= BC1 =

Boccia classification

BC1 is a boccia classification. The class is open to people with several different types of disabilities, including cerebral palsy. BC1 players have events open to them in boccia on the Paralympic Games program.

==Definition==
In 2000, BBC Sport defined this classification as "in class 1 those athletes who are dependent on an electric wheelchair or assistance for mobility," In 2008, BBC Sport defined this classification was "BC1: Athletes may compete with the help of an assistant, who must remain outside the athlete's playing box. The assistant can only stabilize or adjust the playing chair and give a ball to the player on his request" In 2008, the Australian Broadcasting Corporation defined this classification was "BC1: This category is for both throwers and foot players (those who kick the balls to the jack). Athletes can have help from an assistant, who can hold the player's wheelchair steady or adjust it, and can give the ball to the player for the next attempt, if the player asks for it." In 2012, the Cerebral Palsy International Sports and Recreation Association defined this classification as: "BC 1 – These athletes have restricted trunk movement and poor sitting balance but is able to throw the ball, usually overhand. If needed, this athlete may have an assistant hand them the ball." In 2012, the Great Britain Boccia Federation defined this classification as: "Players with Cerebral Palsy who are able to use their hands or feet to consistently propel a ball into play. BC1 athletes may have an aide on court to pass them their ball before each shot"

== Disability groups ==
One of the disability groups in this classification is boccia with cerebral palsy, including CP-ISRA CP1 and CP2 classified players.

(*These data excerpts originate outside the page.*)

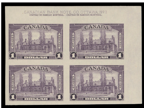
Lot 1516 – Realized $23,700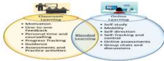
Blended Learning Online System

1. Students have more opportunities to understand and learn the learning material. 2. lecturers have more access to help students have difficulty system between synchronous and asynchronous online learning. 3. The balance between synchronous and asynchronous methods makes students more disciplined.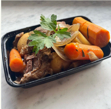
HOMESTYLE POT ROAST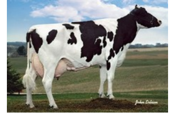
Rabur Outside Pandora EX-91

EX-90 Kingboy x VG-88 Mogul x VG-87 Man-O-Man x VG-87 Goldwyn x EX-91 Outside x EX-91 Rudolph x EX-92 Inspiration x EX-91 Triple Threat x EX-92 Tony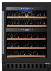
48260 23" Dual Zone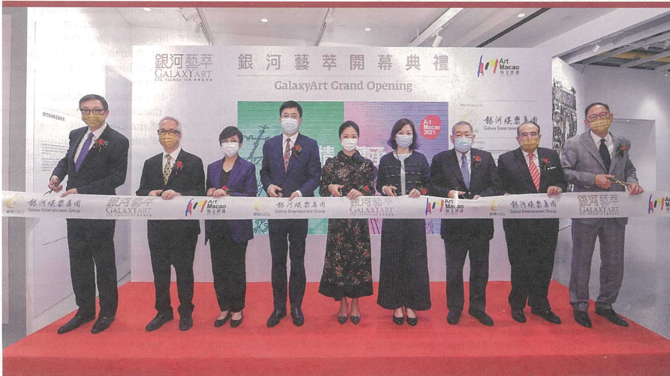
GEG unveiled the GalaxyArt Gallery, a permanent and non-profit art space at Galaxy Macau.

C ommitted to fostering the development of arts and culture in Macau, Galaxy Entertainment Group ("GEG") has supported various local arts and cultural activities aimed at enriching Macau's appeal as a cultural tourism destination and a World Center of Tourism and Leisure. Recently, the Galaxy Entertainment Group Foundation ("GEG Foundation") unveiled the GalaxyArt Gallery, a permanent and non-profit exhibition space, which GEG hopes can be used for the hosting of different arts and cultural exhibitions throughout the year, and become a key platform to support its arts and cultural initiatives.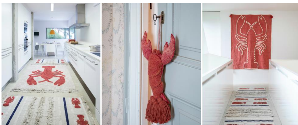
Washable Rug Lobster 140x200cm. (245€.), Mini Lobster XS 80x140cm (79€.), Mini Lobster 170x240cm (265€.), Door Hanger Lobster 50x30cm. (25€.) and Giant Lobster Brick Red 200x140cm. (155€.)

April 2019.- Lorena Canals introduce the new Lobster Collection, in which the designer reflects her passion for the sea, and specially for lobsters. Turning this animal and the living coral, color of the year, into the main character of rugs, carpets and washable baskets full of energy and vitality.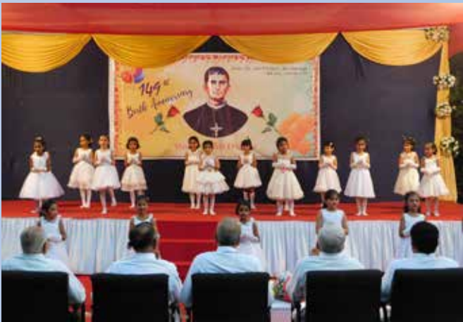
Prayer Dance by the Children of Fr. Agnel School, Vashi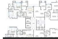
Daisy Juy Floor Plan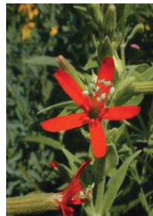
Silene regia CARYOPHYLLACEAE Royal Catchfly NI, [p. 27]

Habitat: Prairie, Blooming Period: Mid- to late Summer lasting about one month.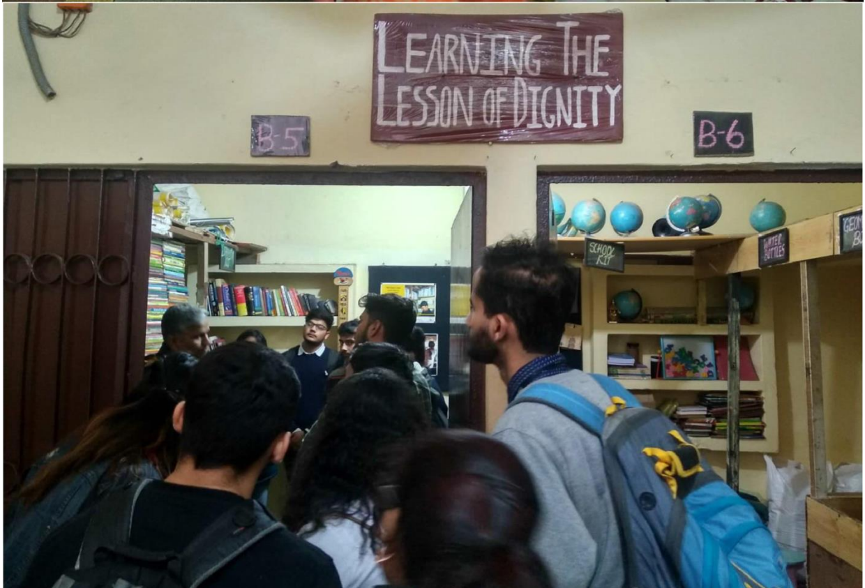
Students exploring the Premises of Goonj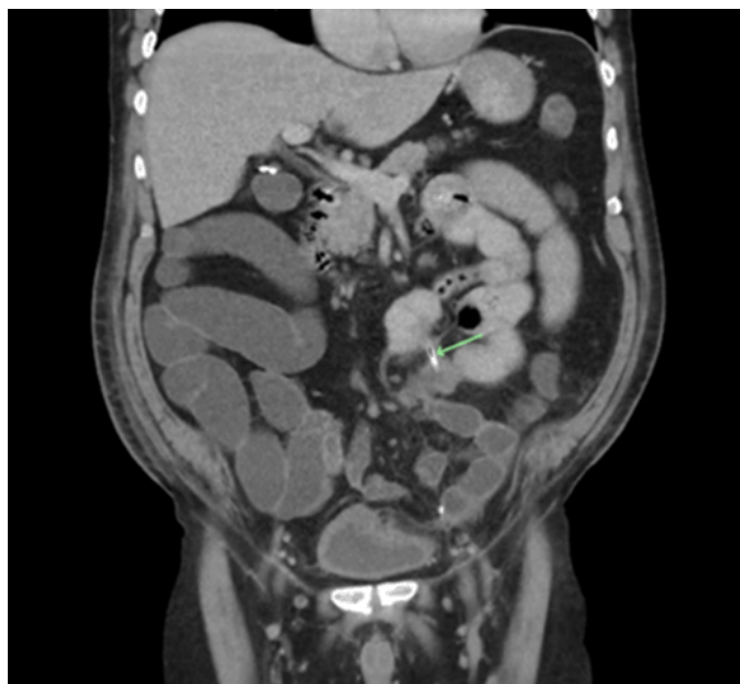
Figure 1: The arrow showing the foreign body.

Swallowing of foreign bodies is most common in children aged between six months and six years [1, 2].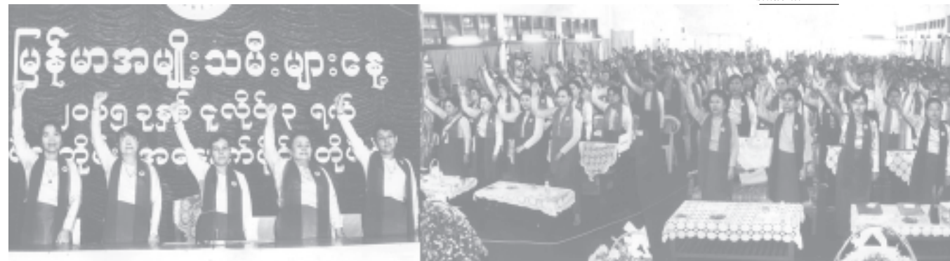
Participants chanting the slogans in concluding of the Myanmar Women's Day ceremony in Pyay.— MNA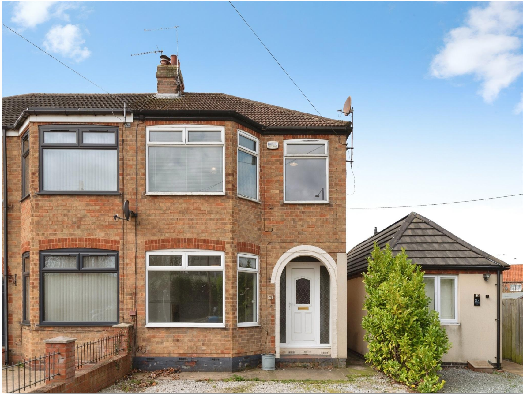
Swinemoor Lane, Beverley, HU17 0LY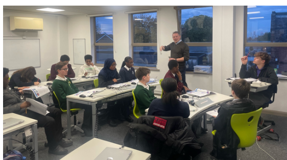
Learning about the Metaverse

This week Year 9 and 10 students headed to Alleyn's School in Dulwich to take part in their Digital Academy.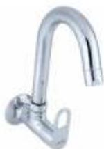
Sink Cock WM Code : 2,600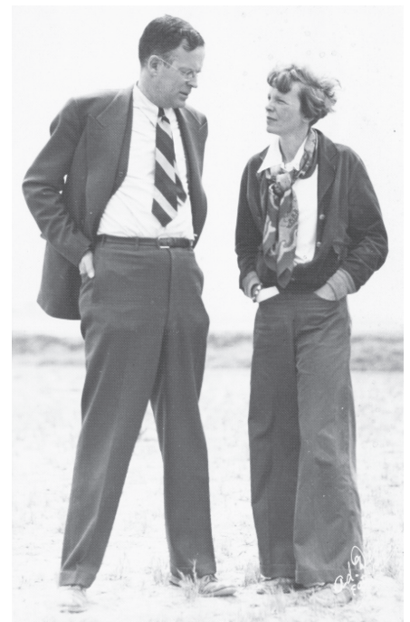
Earhart’s husband and manager, George Palmer Putnam, saw financial opportunities in Purdue University’s enthusiasm for its association with Amelia.

Without mentioning the make or model, Putnam said there was an airplane available that fit the bill. “It embraces refinements and improvements whose practical demonstration can be important factors in commercial aeronautical progress.” It was a multi-engine aircraft capable of sustained flight on one motor. It had a maximum cruising speed of over 225 mph and a cruising range, with full load, of over 6,000 miles. Equipped with “special tanks, instruments, and other devices,” this marvelous machine was not an experimental ship but rather a “development of proved design.” It could be had as either a stock model or a “custom-built job” for a base price of $30,000. “The maximum total cost, including special equipment, preparation, flight outlays, etc., would be $40,000. That figure would be the guaranteed top.” 12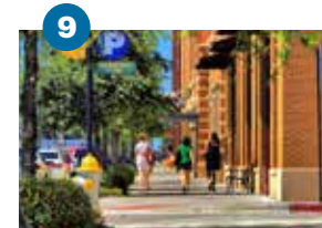
9 Frisco Square Frisco

Park free on the 35 blocks of brick-paved streets in Downtown Fort Worth. Features restored turn-of-the-century buildings and an expansive plaza.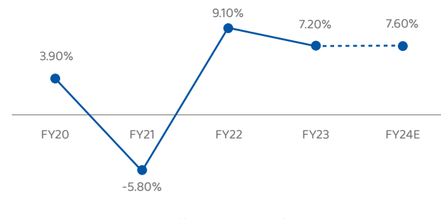
India's GDP Growth

India is one of the fastest-growing major economies in the world, with its GDP expanding by 7.6% in FY 2023-24. The Indian economy has shown resilience while navigating various headwinds in the reported financial year. India's robust performance can be attributed to a combination of various factors, including solid economic fundamentals, healthier balance sheets across banks and corporations, fiscal discipline, stable external balances and substantial foreign exchange reserves.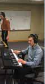
w ding o in I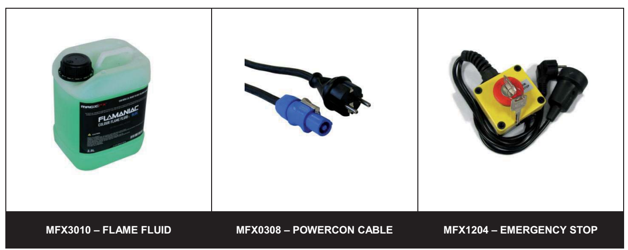
Figure 9: Accessories Flamaniac

The items listed can be ordered from your MAGICFX® distributor. Locate a distributor near to you by contacting;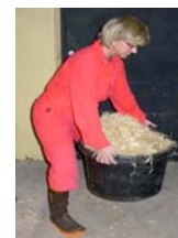
Move the feet - do not twist the back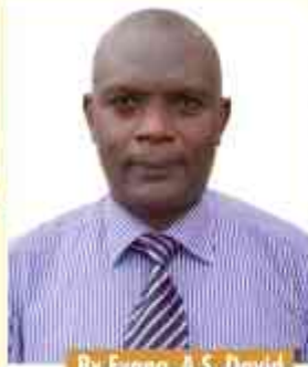
By Evang. A.S. David

L eadership is influence. A mission is the effort of man to bring the governmental influence of the kingdom of God to the Nations of the world.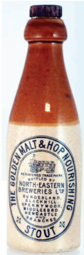
ST34. NORTH EASTERN BREWERIES stout, ch, t.t. Oval black transfer, with 11 lines of writing beneath pict. of drayman on early wagon. Buchan p.m. Bottom L area rep'd. 1 of 3 recorded examples. £130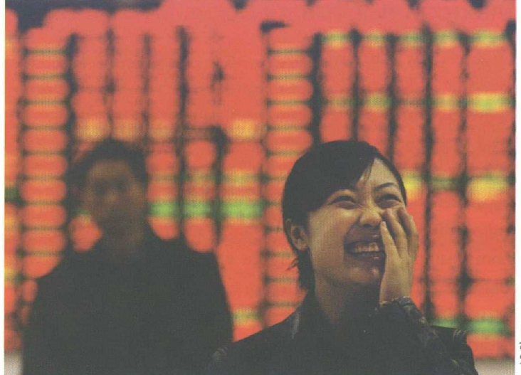
An investor reacts to rising share prices at a stock exchange in Kunming China. The city has been spruced up as part of China's "go west" campaign, aimed at increasing investment in the remote western regions.

The nod means that Ryerson students who have successfully completed the courses in international business, marketing, law and management can now leapfrog to advanced standing towards the educational requirements of FITT's own Certified International Trade Professionals designation, or CITP.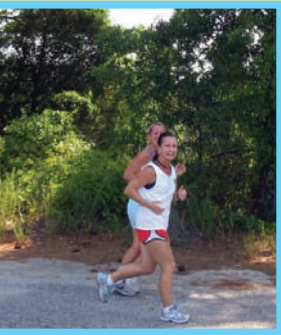
Runners at First Landing State Park enjoy the natural surroundings

What's healthy, scenic and fun? This year's 5K Run! Set in the picturesque tranquility of First Landing State Park, in Virginia Beach, St. Mary's Annual 5K and One-Mile Fun Run takes place Saturday, October 27. What a wonderful time to enjoy the outdoors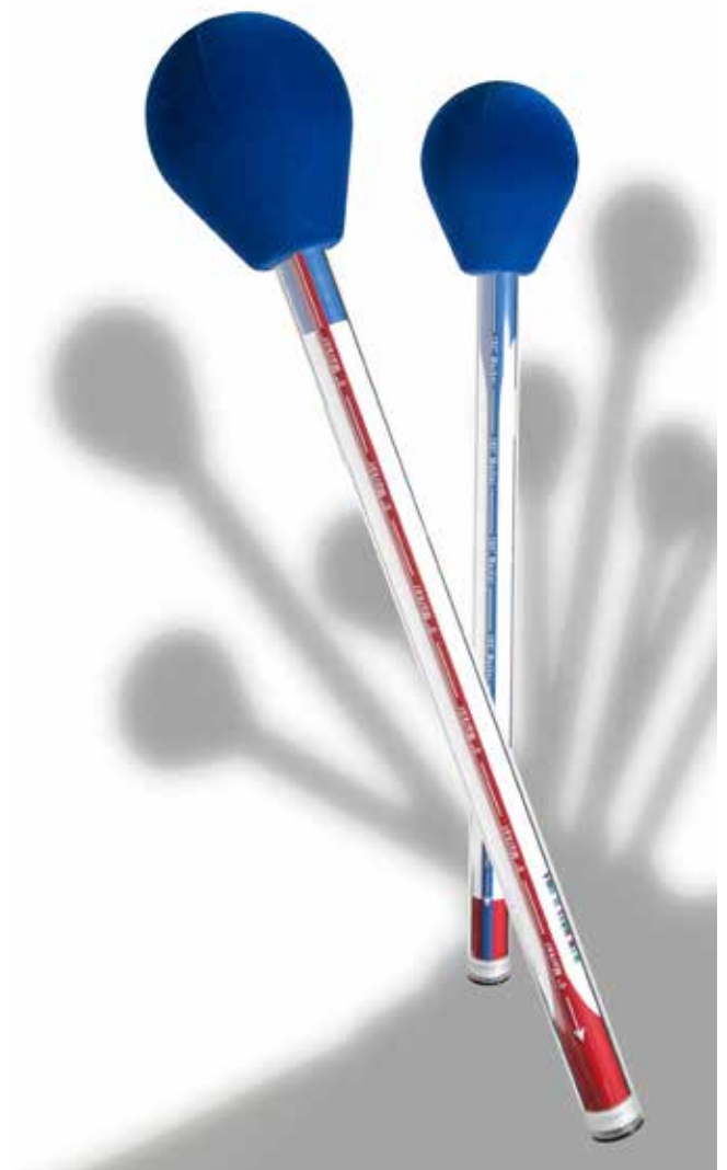
POD antennas for the frequency range 1-18 GHz

CP1 competitors are classified as either BC1 or BC3. In BC1, they can generally throw the ball past the V Line. They are allowed to have assistants. CP1 sportspeople tend to use electric wheelchairs. They may have controlled shakes and twitches. They have severely limited of their trunk and limbs. When participating in sport, CP1 competitors tend to have low energy expenditure. This bodily activity can spike their metabolic rate. CP1 competitors have worse upper body control when compared to CP2.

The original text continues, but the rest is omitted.